- [DATA SUPPLIED]
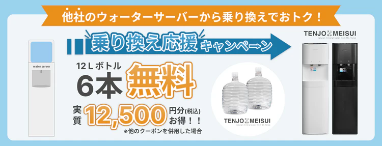 今天井の明水に乗り換えると「天井の明水(12ℓ×6本)」を無料でプレゼントしてくれます!
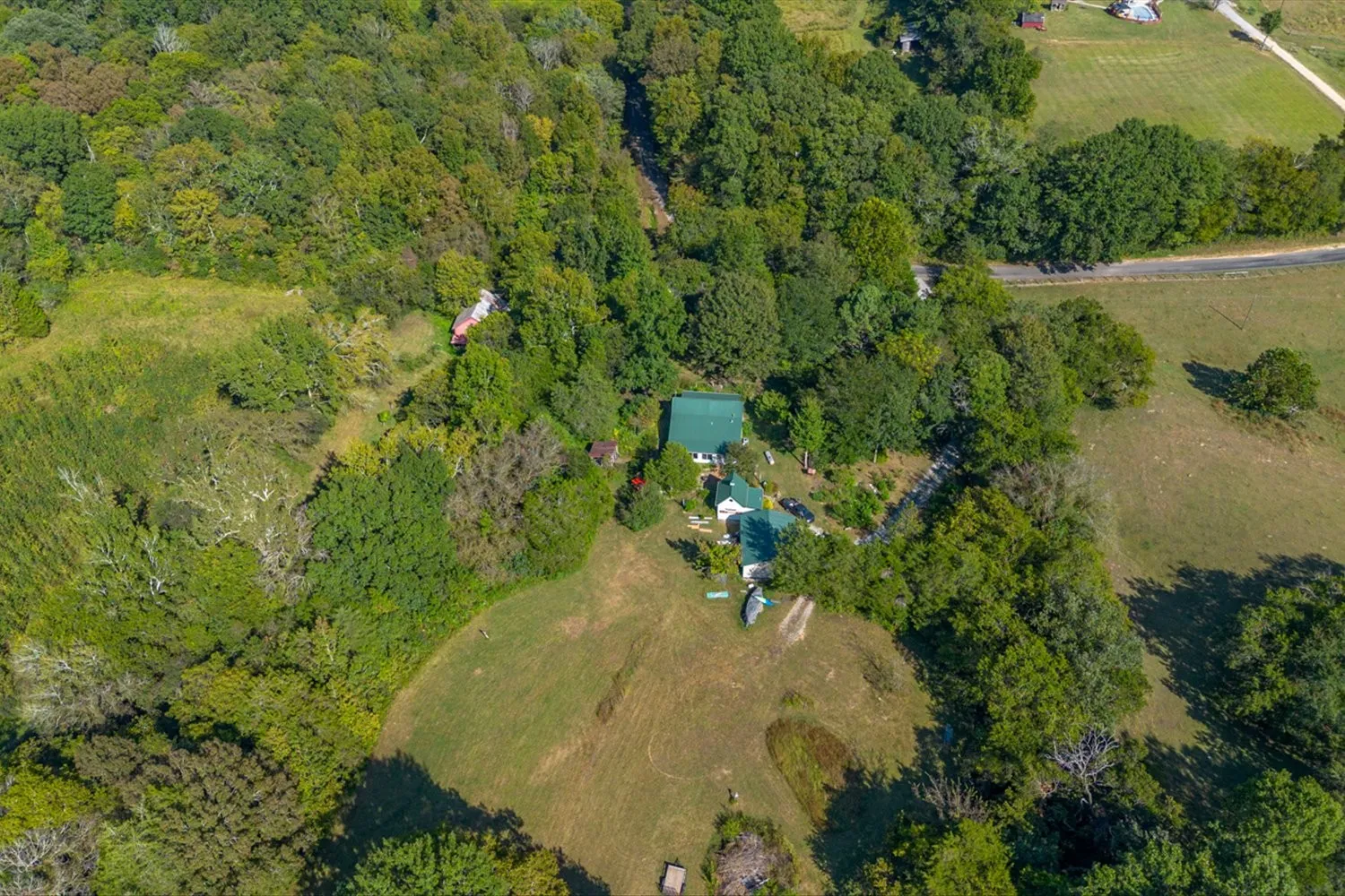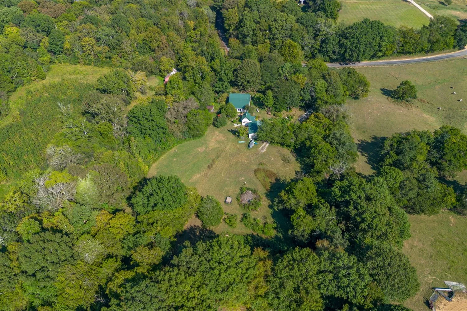 Looking for your own piece of paradise?! This 38.9 acres has everything you are looking for! 2 Ponds, riding/walking trails, open pasture for horses/cattle, lots of mature hardwoods, all with privacy and seclusion. Home renovations include: new metal roof, Hardie Board and Batten exterior, refinished hardwood floors, fresh paint throughout, new windows, tile in bath, crown throughout, list goes on and on. Also has a 1 BR 1 Bath cottage behind the main house with a 2 car detached garage.
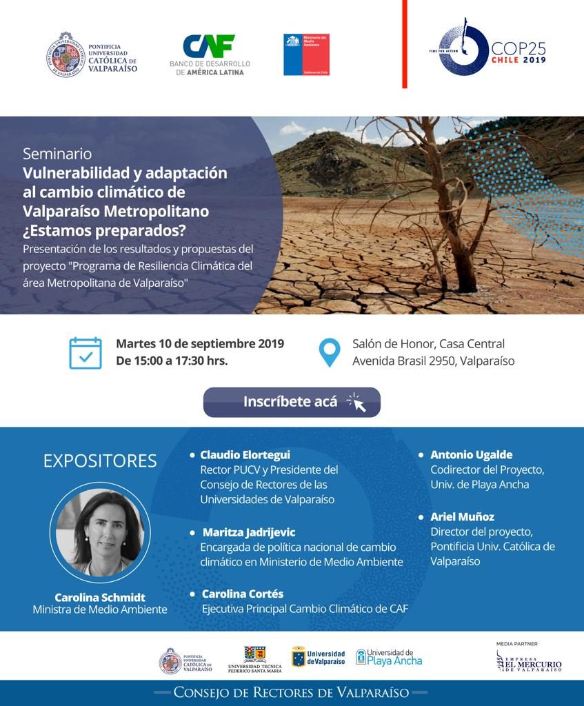 10 de septiembre: Seminario Vulnerabilidad y adaptación al cambio climático de Valparaíso Metropolitano ¿Estamos preparados?
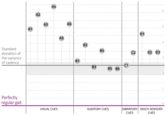 The scheme also analyzed the variance of answers given by users to understand if they all perceived cues as difficult to follow in the same way. It was then possible to note that only some visual and auditory cues were similarly perceived in all tests (A1, A2, A5, B1, B2, B3, D2); the other cues elicited a broad difference of given marks (A3, A4, A6, B4, B5, B6, C1, C2, D1, D3), highlighting the influence of personal attitudes in the perception of the difficulty of following the suggested rhythm.
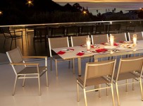 Montego Crystal Fire Pit Coffee Table with Wicker Base by The Outdoor GreatRoom Company is a nice addition to a modern designed backyard of a terrace. the flame height is adjustable. The top is made of tempered glass.
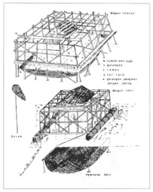 Bagan is made up of several components: Nets, shack (made of woven or wooden material, sometimes without roof), serok (handle net) and lights. The nets are generally 9 x 9 m wide, with 0.5 – 1 cm mesh, made of cotton or nylon yarn. These nets are fastened to a rectangular frame made of bamboo or wood. The shack (anjang-anjang) is made of bamboo/wood whose underside is 10 x 10 m, while the upper part is 9.5 x 9.5 m (for stationary bagan). At the deck there is a roller to lower and lift the net. Catching with a bagan is only done at night (light fishing), especially on the dark moon phase by using lights as fishing aids.[1]
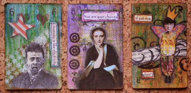 Au départ, nous avons un jeu de cartes. On va les altérer avec différentes techniques proposées par Mary Jane.
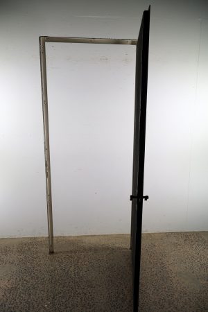 A heavy duty construction, hinged in a frame with lever set, lock and key.

- [WHAT TO DO]
Please write out every entry exactly, but skip the pictures.

- [SOLUTION FOR THIS EXERCISE]
 今天井の明水に乗り換えると「天井の明水(12ℓ×6本)」を無料でプレゼントしてくれます!
 Looking for your own piece of paradise?! This 38.9 acres has everything you are looking for! 2 Ponds, riding/walking trails, open pasture for horses/cattle, lots of mature hardwoods, all with privacy and seclusion. Home renovations include: new metal roof, Hardie Board and Batten exterior, refinished hardwood floors, fresh paint throughout, new windows, tile in bath, crown throughout, list goes on and on. Also has a 1 BR 1 Bath cottage behind the main house with a 2 car detached garage.
 10 de septiembre: Seminario Vulnerabilidad y adaptación al cambio climático de Valparaíso Metropolitano ¿Estamos preparados?
 The scheme also analyzed the variance of answers given by users to understand if they all perceived cues as difficult to follow in the same way. It was then possible to note that only some visual and auditory cues were similarly perceived in all tests (A1, A2, A5, B1, B2, B3, D2); the other cues elicited a broad difference of given marks (A3, A4, A6, B4, B5, B6, C1, C2, D1, D3), highlighting the influence of personal attitudes in the perception of the difficulty of following the suggested rhythm.
 Montego Crystal Fire Pit Coffee Table with Wicker Base by The Outdoor GreatRoom Company is a nice addition to a modern designed backyard of a terrace. the flame height is adjustable. The top is made of tempered glass.
 Bagan is made up of several components: Nets, shack (made of woven or wooden material, sometimes without roof), serok (handle net) and lights. The nets are generally 9 x 9 m wide, with 0.5 – 1 cm mesh, made of cotton or nylon yarn. These nets are fastened to a rectangular frame made of bamboo or wood. The shack (anjang-anjang) is made of bamboo/wood whose underside is 10 x 10 m, while the upper part is 9.5 x 9.5 m (for stationary bagan). At the deck there is a roller to lower and lift the net. Catching with a bagan is only done at night (light fishing), especially on the dark moon phase by using lights as fishing aids.[1]
 Au départ, nous avons un jeu de cartes. On va les altérer avec différentes techniques proposées par Mary Jane.
 A heavy duty construction, hinged in a frame with lever set, lock and key.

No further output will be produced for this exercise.